Description de l’éditeur
“An ingenious revision” of Robert Louis Stevenson’s classic Gothic story told through the eyes of the fiend (The New York Times Book Review).
Mr. Hyde is trapped, locked in Dr. Jekyll’s house, certain of his inevitable capture. As the dreadful hours pass, he has the chance, finally, to tell his side of the story—one of buried dreams and dark lusts, both liberating and obscured in the gaslit fog of Victorian London’s sordid backstreets.
Summoned to life by strange potions, Hyde knows not when or how long he will have control of “the body.” When dormant, he watches Dr. Jekyll from a distance, conscious of this other, high-class life but without influence. As the experiment continues, their mutual existence is threatened, not only by the uncertainties of untested science, but also by a mysterious stalker. Hyde is being taunted—possibly framed. Girls have gone missing; a murder has been committed. And someone is always watching from the shadows.

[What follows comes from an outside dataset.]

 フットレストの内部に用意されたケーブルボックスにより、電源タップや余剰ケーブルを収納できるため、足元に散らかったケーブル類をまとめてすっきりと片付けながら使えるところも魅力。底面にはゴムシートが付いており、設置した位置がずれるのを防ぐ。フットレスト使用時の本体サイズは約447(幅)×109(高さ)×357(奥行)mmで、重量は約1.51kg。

In the blur of this shared consciousness, can Hyde ever truly know if these crimes were committed by his hands?
Narrated by Hyde, this serpentine tale about the nature of evil, addiction, and the duality of man “delivers a new look at this enigmatic character and intriguing possible explanations for Jekyll’s behavior” (The Washington Post, Five Best Thrillers of 2014).

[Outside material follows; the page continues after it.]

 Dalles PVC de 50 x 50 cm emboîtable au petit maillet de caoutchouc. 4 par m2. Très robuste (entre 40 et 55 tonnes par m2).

“Hyde brings into the light the various horrors still hidden in the dark heart of Stevenson’s classic tale . . . a blazing triumph of the gothic imagination.” —Patrick McGrath, author of Asylum
“Earthy, lurid, and unsparing . . . a worthy companion to its predecessor. It’s rich in gloomy, moody atmosphere (Levine’s London has a brutal steampunk quality), and its narrator’s plight is genuinely poignant.” —The New York Times Book Review, Editors’ Choice
PUBLISHERS WEEKLY
Narrated by Dr. Henry Jekyll, Robert Louis Stevenson's classic embodiment of the dark side of the human consciousness, this ambitious first novel provides an alternate perspective on Jekyll's chemical experiments on the split personality. Edward Hyde first emerges independent of Jekyll on the streets of London in 1884 not as the malevolent brute that Stevenson conjured, but as a member of the lower classes who is fiercely protective of his and Hyde's friends and interests. But over the course of two years, Hyde develops a reputation for evil that confounds him and that he suspects is being engineered by Jekyll, whose consciousness lurks inside his own, steering him into certain assignations and possibly committing atrocities while in his form. Levine slowly unfolds the backstory of Jekyll's schemes for Hyde, relating to his earlier failed "treatment" of a patient with a multiple-personality disorder, and traumatic events from Jekyll's own childhood that come to light in the novel's tragic denouement. Levine's evocation of Victorian England is marvelously authentic, and his skill at grounding his narrative in arresting descriptive images is masterful (of the haggard, emotionally troubled Jekyll, he writes, "He looked as if he'd survived an Arctic winter locked within a ship frozen fast in the wastes"). If this exceptional variation on a classic has any drawback, it's that it particularizes to a single character a malaise that Stevenson originally presented belonging universally to the human condition.